A colleague recently asked me about the question of phylogenetic imputation - that is, the substitution of estimated values (from some procedure) for missing items in a data matrix.
Actually, phytools already has a function to do just this for a single
variable in the form of anc.ML
. In this case if any species in the tree
are missing from the input vector, what the function does is estimate these missing
values
jointly
with ancestral states using Maximum Likelihood.
However, in the case of multiple correlated continuous traits we ought to be able to do much better since we can take both the correlation structure implied by the tree and that implied by the covariances among characters into account simultaneously.
Now, before I go any further, I should mention that it turns out to be the case that the CRAN package Rphylopars (by Eric Goolsby, Jorn Bruggeman, and Cécile Ané) already effectively does just that, but before knowing that I had already written my own phylogenetic imputation function, and as it is still slightly different from Rphylopars I thought I'd share it just the same.
Here is the function (& associated internals & methods):
expand.range<-function(x,na.rm=FALSE,p=2.0){
rr<-range(x,na.rm=na.rm)
mean(rr)+c(p*(rr[1]-mean(rr)),p*(rr[2]-mean(rr)))
}
phylo.impute<-function(tree,X,...){
if(hasArg(maxit)) maxit<-list(...)$maxit
else maxit<-5000
if(hasArg(quiet)) quiet<-list(...)$quiet
else quiet<-TRUE
if(hasArg(fixed)) fixed<-list(...)$fixed
else fixed<-FALSE
if(hasArg(p)) p<-list(...)$p
else p<-2.0
if(is.data.frame(X)) X<-as.matrix(X)
ii<-which(is.na(X),arr.ind=TRUE)
lik<-function(theta,tree,X,ii){
X[ii]<-theta
object<-evol.vcv(tree,X)
if(!quiet) print(object$logL1)
-object$logL1
}
lower<-apply(X,2,expand.range,na.rm=TRUE,p=p)[1,ii[,2]]

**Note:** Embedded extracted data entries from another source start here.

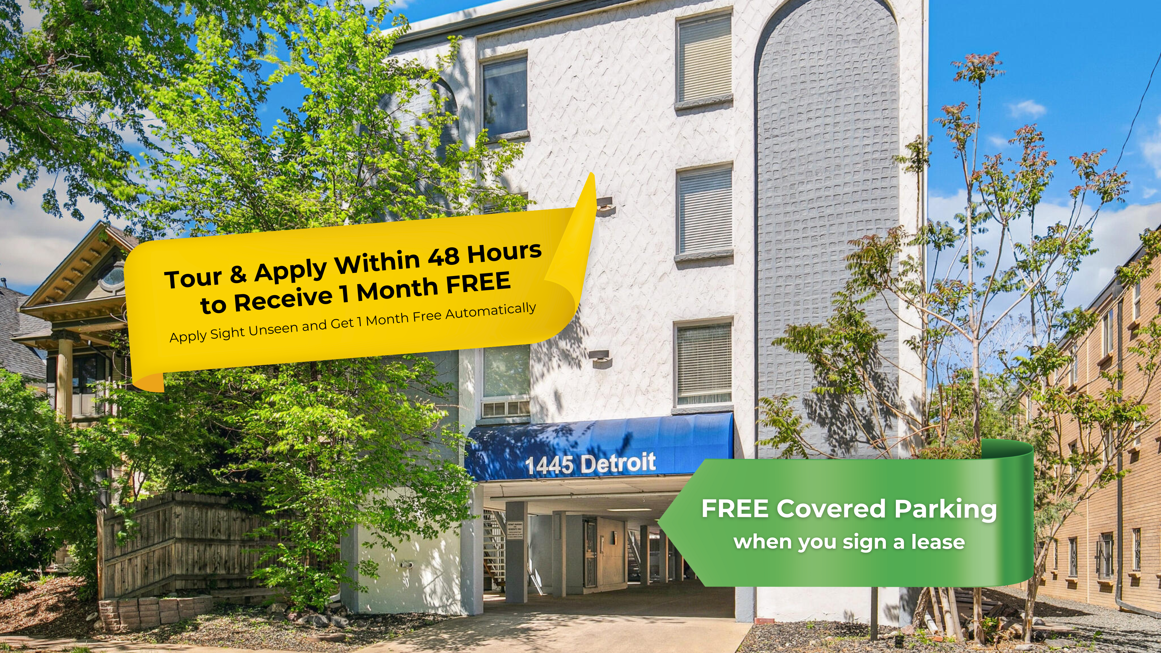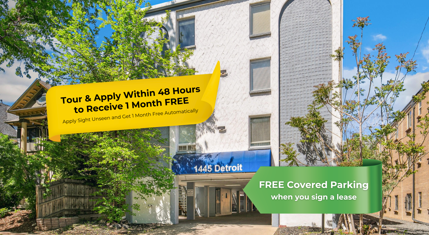 Discover 1445 Detroit, a pet-friendly mid-century gem built in 1968 in the heart of Denver's charming Congress Park neighborhood. It offers spacious 1-bedroom and 2-bedroom apartments with air conditioning*, wood-style flooring*, plush carpet in the bedrooms*, and ceiling fans in both living and bedrooms* for year-round comfort. The location is just steps from tree-lined streets, boutique shops, cafes, and beautiful parks. Enjoy the convenience of covered parking and a welcoming community vibe. *Select units. Contact us to confirm. Schedule your tour today and make 1445 Detroit your new home in Congress Park!2023-BFN-0002385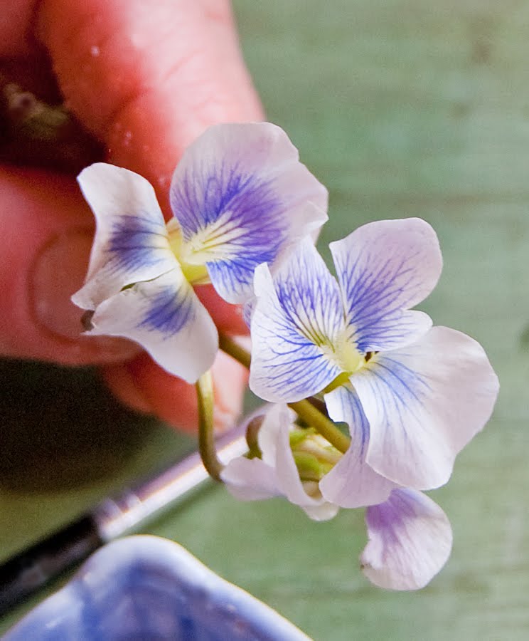 Once they are washed and patted dry, it’s possible to preserve, or “candy,” violets or their kin so they can be held and used like regular pastry decorations (as shown at left and at the top). This involves simply coating the petals on both sides with egg white, then sprinkling them evenly with superfine granulated sugar. (This can be made by grinding regular sugar in a processor until very fine.) I dip each flower into the egg white very lightly on both sides, then use a small paint brush to cover any spots missed. Then, I use a spoon to scoop sugar on one side and then another.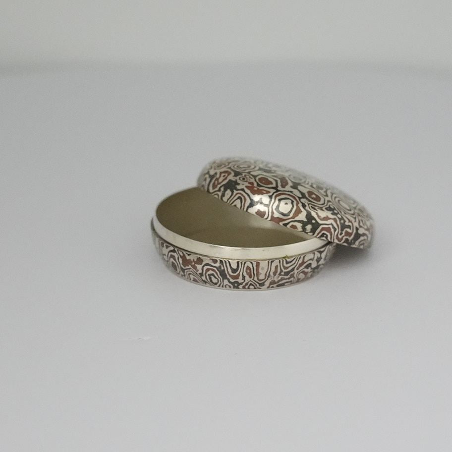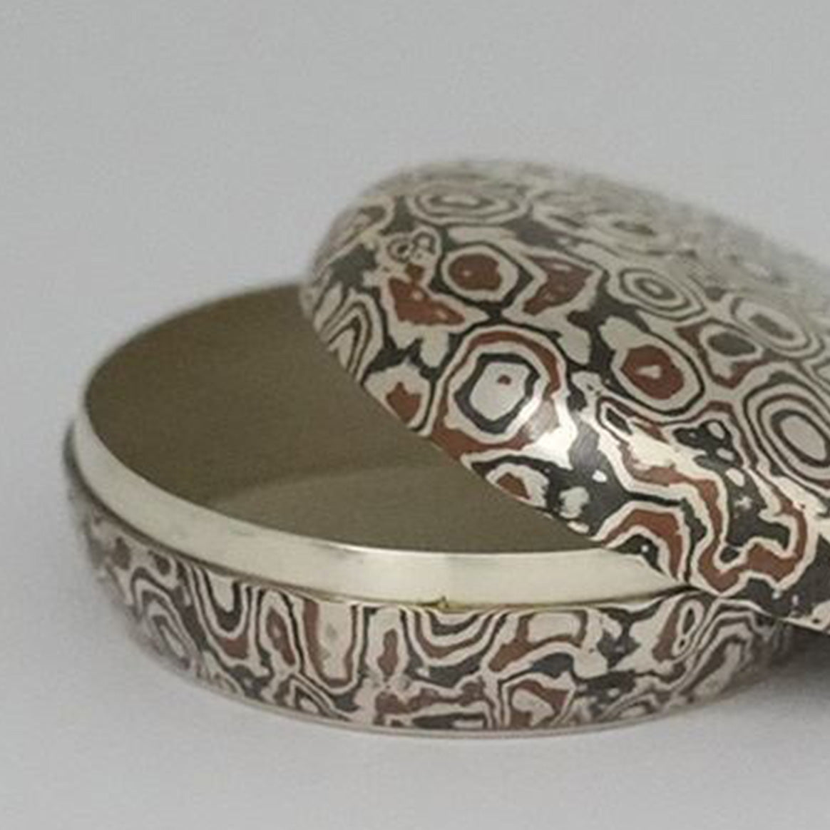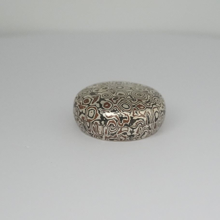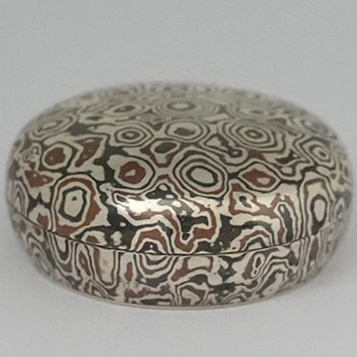 一つ一つが唯一無二の木目模様の杢目銅は、色の異なる金属を交互に重ね加熱圧着したものを金槌などで叩いて延ばし、彫りや捻りを加えて作り出されています。香は薫りが命なので蓋がぴったりと合う器が必然とされています。杢目銅の独特の美しさが故人を偲ぶ心に潤いを与えてくれることでしょう。

upper<-apply(X,2,expand.range,na.rm=TRUE,p=p)[2,ii[,2]]
if(hasArg(x.init)) x.init<-list(...)$x.init
else x.init<-"ace"
if(x.init[1]=="random") x.init<-runif(n=length(ii),lower,upper)

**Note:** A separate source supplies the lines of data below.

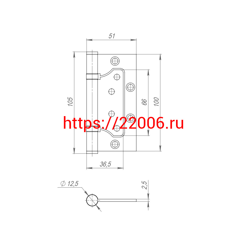 - Петля Fuaro (Фуаро) из нержавейки универсальная без врезки IN4500W INOX 304 (500-2BB 100x2,5) в Полевском недорого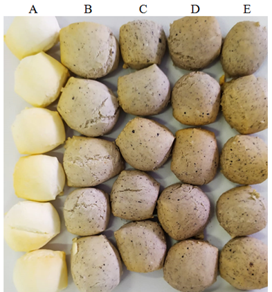 The JPF obtained presented moisture content of 6.23 ± 0.2%, pH equal to 6.2 ± 0.4, total acidity of 1.55 ± 0.05 g of citric acid 100 g-1 and color corresponded to L* 27.54 ± 1.66, a* 12.18 ± 0.26 and b* 8.61± 0.24. When added to biscuit formulations, it was found that the main influence of JPF was on the luminosity (L*), and the higher the addition, the lower the luminosity (p < 0.05) of biscuits, as it can be seen in Figure 2.Bender et al. (2016) point out that the dark coloring of an ingredient can limit its use in food products. On the other hand, it can be associated by consumers with whole ingredients and, therefore, healthier.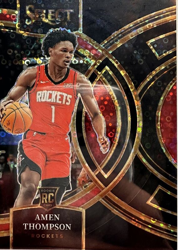 The Amen Thompson 2023 Select #122 Premier Level Black Disco /1 Rookie card in Raw condition has not changed in price in the last 30 days and was last sold for $1,599.00 .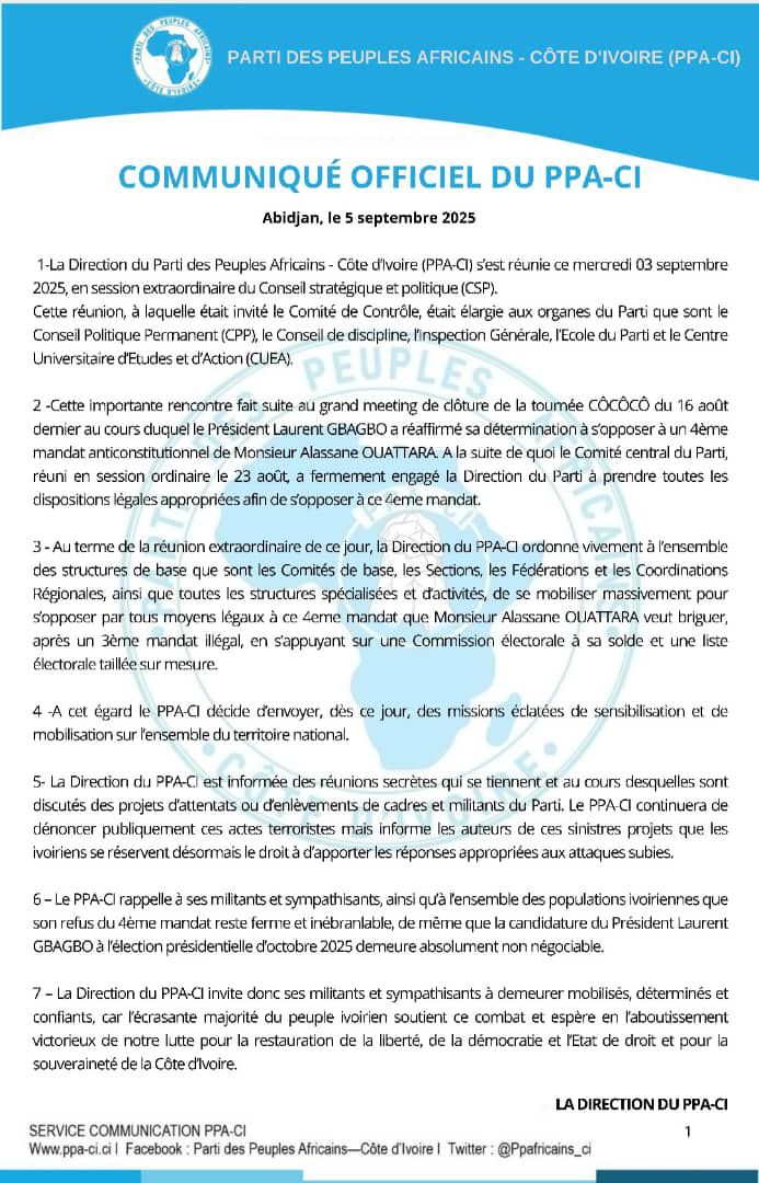 Le PPA-CI envoie dès ce Vendredi 05 Septembre 2025, des missions de mobilisation sur toute l’étendue du territoire national. Ivoirnews24.net vous propose l’intégralité de ce communiqué du PPA-CI.
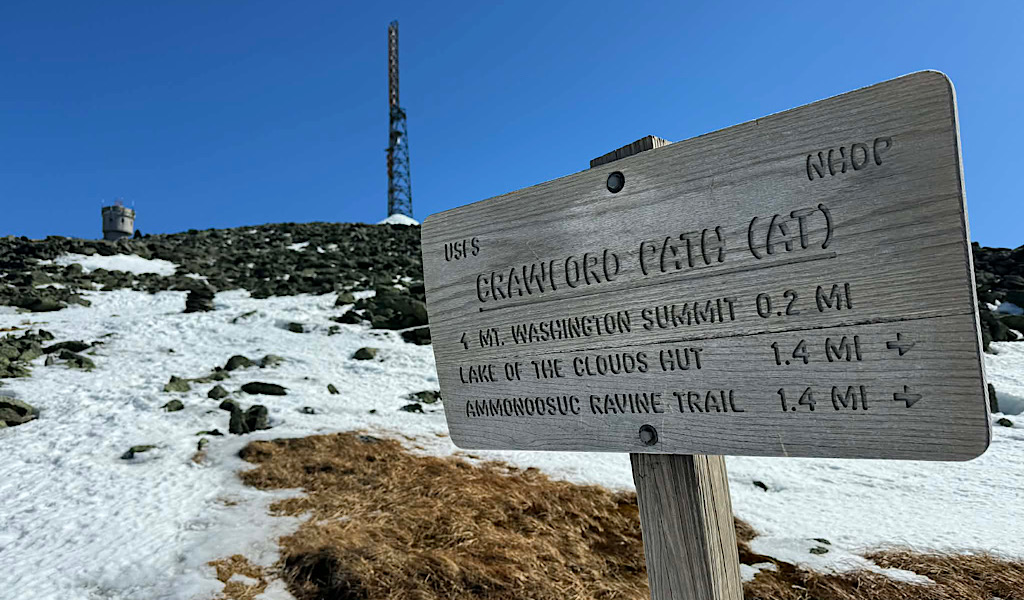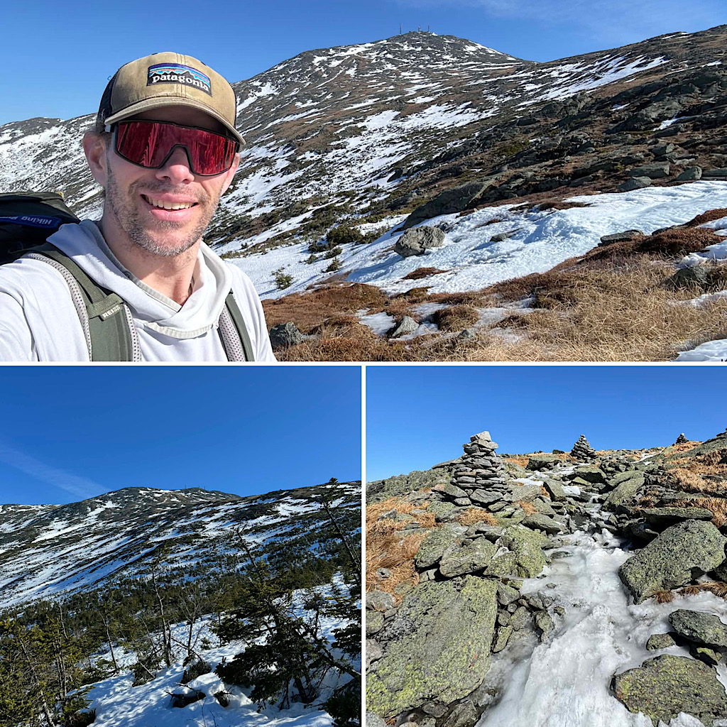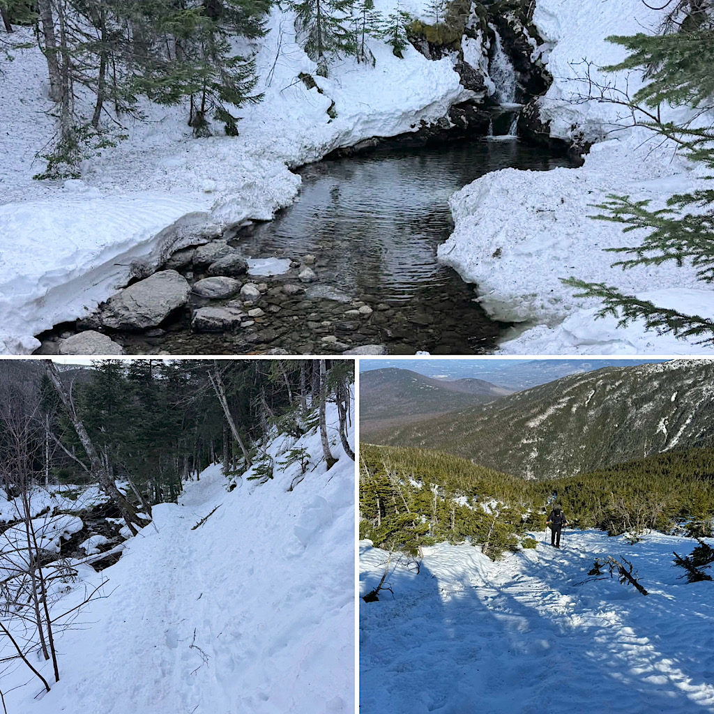 We had Redline Guide Chase Hall out there leading on the Ammonoosuc Ravine Trail and Crawford Path on Mt Washington. With him was a single guest. The majority of the hikes Chase leads are for one fellow we’ve taken to calling “Grid Getting Guest” (as a part of our privacy policy we don’t divulge names). On this most recent hike, our guest had the same first name as Chase’s regular. We thought that was a funny coincidence, and it wasn’t the only one. Chase learned that the father of both of these guests served as a pastor. Anyway, we just found these coincidences humorous. That aside, they had a great hike up the mountain summiting on a beautiful and warm late winter day. What follows are a few photos of this wonderful hiking experience.

else if(x.init[1]=="ace") {
x.init<-vector()
for (i in 1:nrow(ii)){
tip<-rownames(X)[ii[i]]
tt<-drop.tip(root(tree,outgroup=tip),
names(ii[which(ii[,2]==ii[i,2]),1]))
x.init[i]<-fastAnc(tt,X[!is.na(X[,ii[i,2]]),
ii[i,2]])[1]
}
}
if(fixed==FALSE){
fit<-optim(x.init,lik,tree=tree,X=X,ii=ii,method="L-BFGS-B",
lower=lower,upper=upper,control=list(maxit=maxit))
} else {
fit<-list(par=x.init,value=lik(x.init,tree,X,ii),
counts=c(0,0),convergence=0,
message="Fixed value of par.")
}
X[ii]<-fit$par
attr(X,"optim")<-list(logLik=-fit$value,counts=fit$counts,
convergence=fit$convergence,message=fit$message)

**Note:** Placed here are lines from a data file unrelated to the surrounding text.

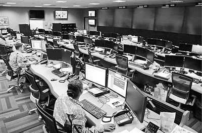 美國陸軍網(wǎng)絡中心內(nèi),值班的軍官和士兵進行網(wǎng)絡情況監(jiān)控。本報資料圖片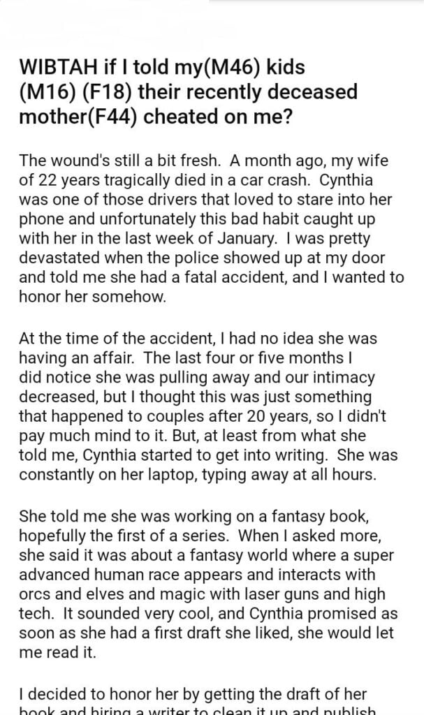 WIBTAH If I Told My Kids Their Mother Cheated On Me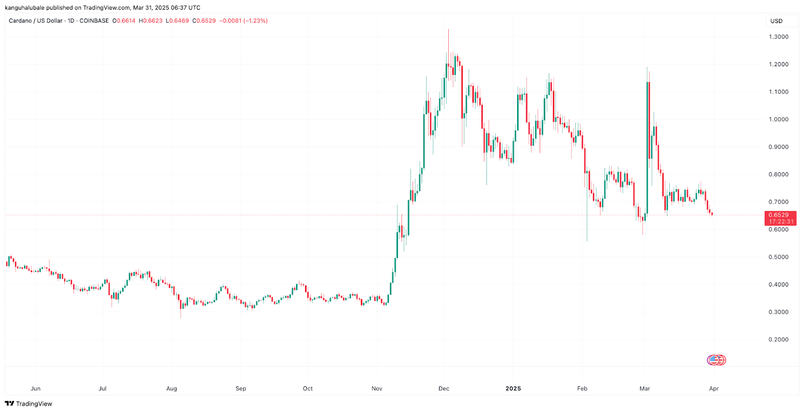 Giá Cardano (ADA) tiếp tục xu hướng giảm vào ngày 31 tháng 3, giảm 4,5% trong 24 giờ qua và giao dịch ở mức 0,6529 USD.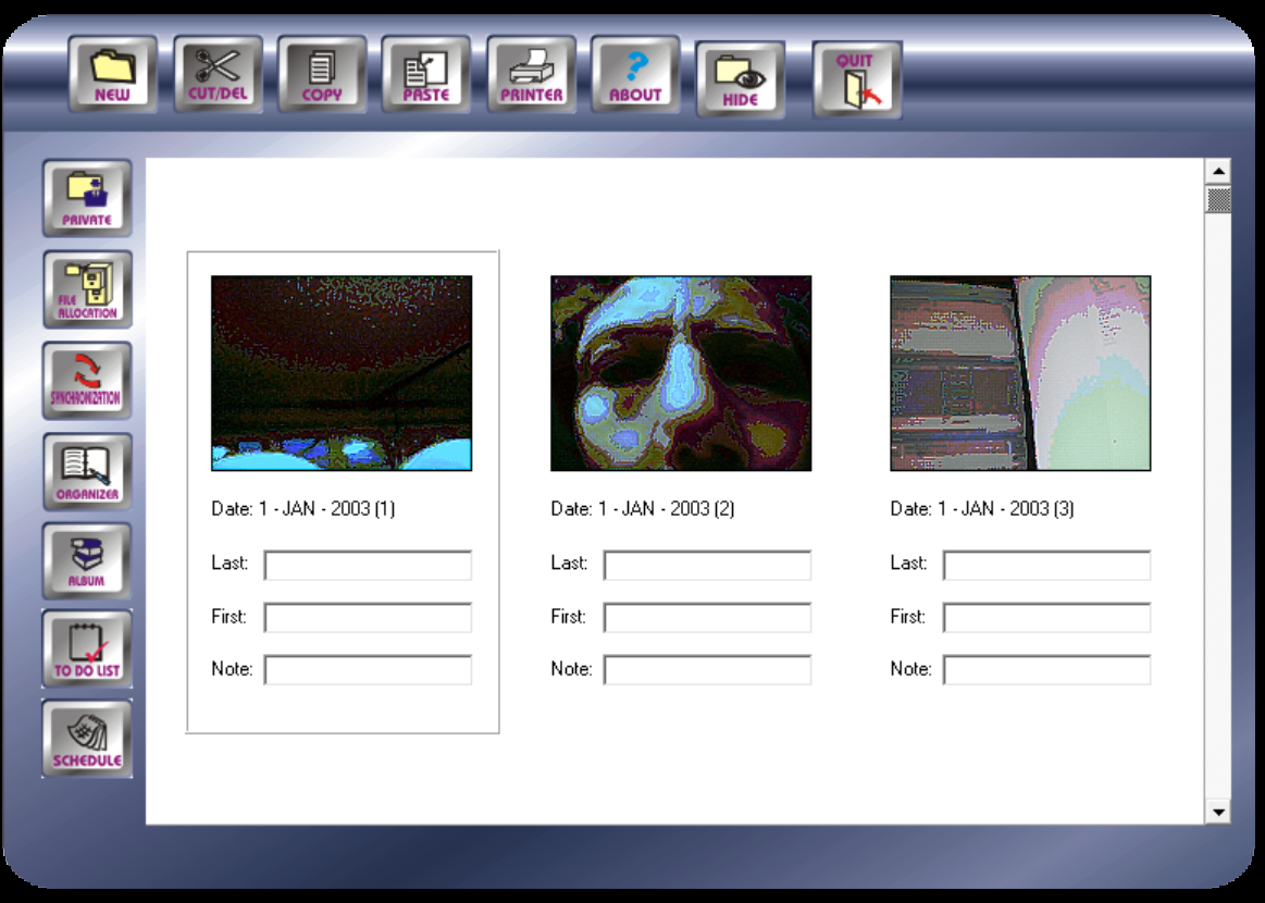It's impossible to overstate the charmingly half-baked '90s energy of this masterpiece (preserved at the Internet Archive; here is a sample data file with photos). The synchronization feature is eminently polished: you get clear instructions, an accurate progress bar, robust retry, and error handling. But the main window isn't draggable: after launch, the program lays claim to an arbitrary place on the screen and establishes itself therein. Dragging doesn't work; the window stays there until closed.

class(X)<-c("matrix","phylo.impute")
X
}
print.phylo.impute<-function(x,...){
if(hasArg(digits)) digits<-list(...)$digits
else digits<-c(7,3)
if(hasArg(n)) n<-list(...)$n
else n<-6L
if(n>nrow(x)) n<-nrow(x)
cat("Results from phylogenetic imputation:\n")
print(head(unclass(x),n),digits=digits[1])
if(n<nrow(x)) cat("...\n\n") else cat("\n")
cat(paste("log(L) :",round(attr(x,"optim")$logLik,digits[2]),"\n"))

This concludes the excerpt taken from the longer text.